Hay
dos momentos del año que me angustian de un modo especial. El primero coincide
con las cercanías de las fiestas navideñas y con esa urgencia absurda por
organizar un plan para la Nochevieja. De hecho, abogo porque la palabra “cotillón”
sea eliminada del diccionario, puesto que designa una de las mayores
abominaciones concebidas por la mente humana. Si al maldito cotillón le sumamos
la “escapadita” (otro concepto que debería erradicarse), la pesadilla está servida.
Sin menoscabo de la Semana Santa, que también se las trae, el otro momento del
año que me provoca temblores es el que ahora vivimos, es decir, las
inmediaciones del verano, cuando lo de la “escapadita” alcanza proporciones tragicómicas
y medio mundo (el que puede permitírselo) decide que necesita embarcarse en un
viaje a un destino lejano. La misma palabra “viaje”, que en un tiempo reunió
connotaciones de aventura y conocimiento, se ha devaluado hasta tocar fondo por
culpa de los paquetes vacacionales, el turismo masivo y los vuelos “low-cost”.

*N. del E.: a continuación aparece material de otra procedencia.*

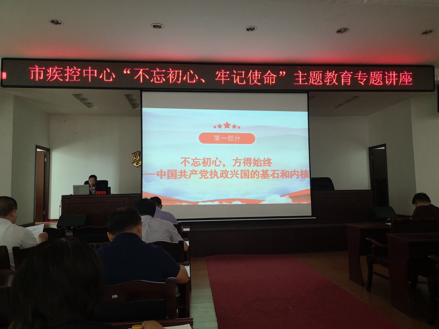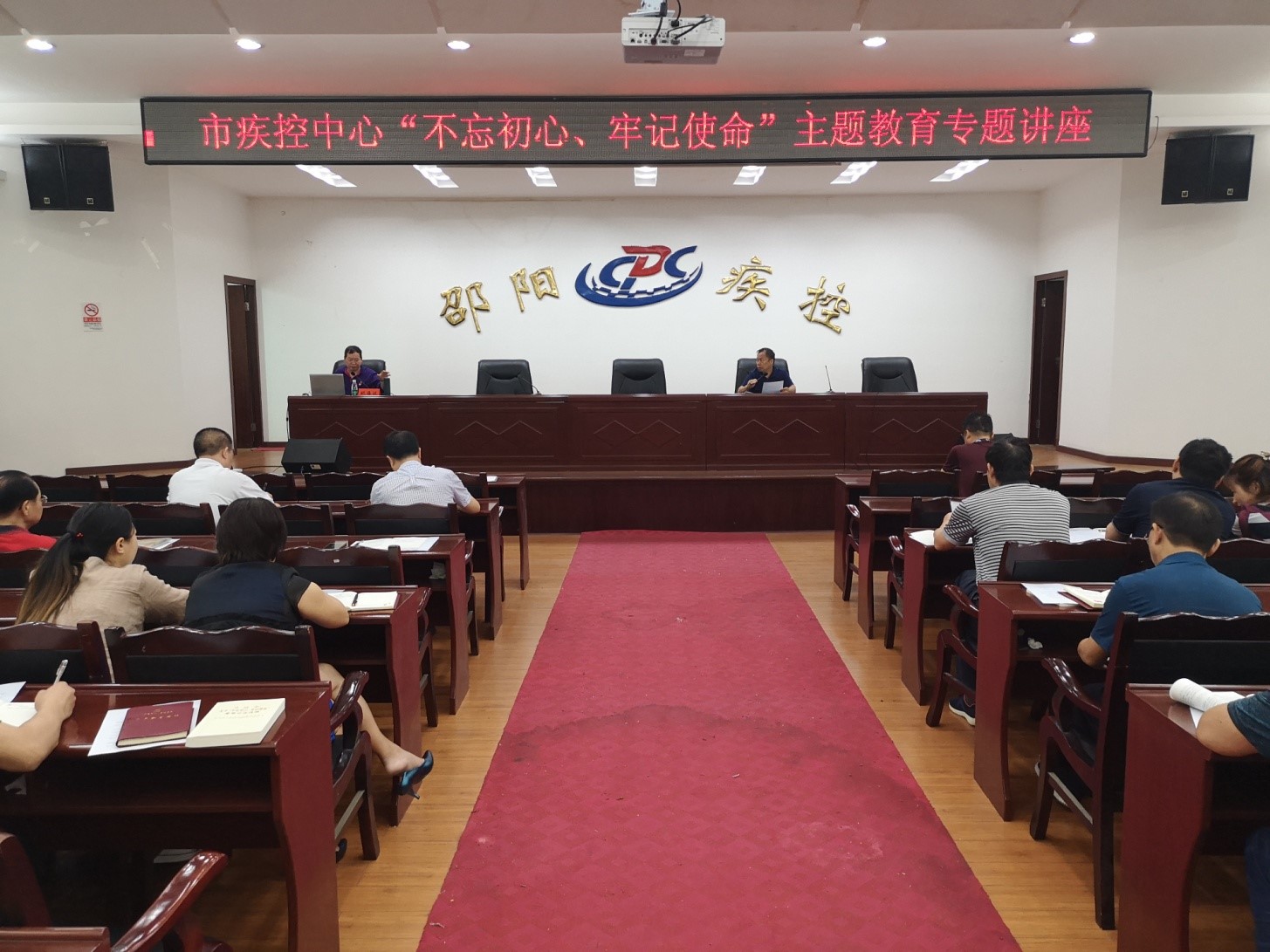9月25日上午,邵阳市疾控中心在八楼会议室举办“不忘初心、 牢记使命”主题教育专题讲座,邵阳市委党校教务处处长姚海波教授给大家上了一节名为“坚守初心、坚定理想信念,做合格共产党员“的专题党课,中心全体党员、副科以上干部参加了专题讲座。

En un artículo reciente titulado “Tachar y tachar”, Javier Marías refunfuña
sobre esa forma de viajar que no tiene nada que ver con adquirir experiencias y
conocimiento, sino que se reduce a desplazarse sin más propósito que hacerse
miles de selfis con los que martirizar a amigos y familia. El único objetivo de
estos extenuantes periplos es no quedarse atrás, no vayan a pensar los demás que
eres un desgraciado que no sale nunca de su casa. En inglés existe el término “tourist
trap” para referirse a esos lugares masificados que actúan como trampa para los
turistas, sitios que hay que visitar por obligación y que, sin embargo, suelen
dejarnos indiferentes o incluso cabreados. Mi viaje ideal, en cambio, es aquel
que no requiere maletas, ni aeropuertos, aquel que ninguna agencia te oferta. El
viaje hacia ese país de utopía donde la gente te deja en paz.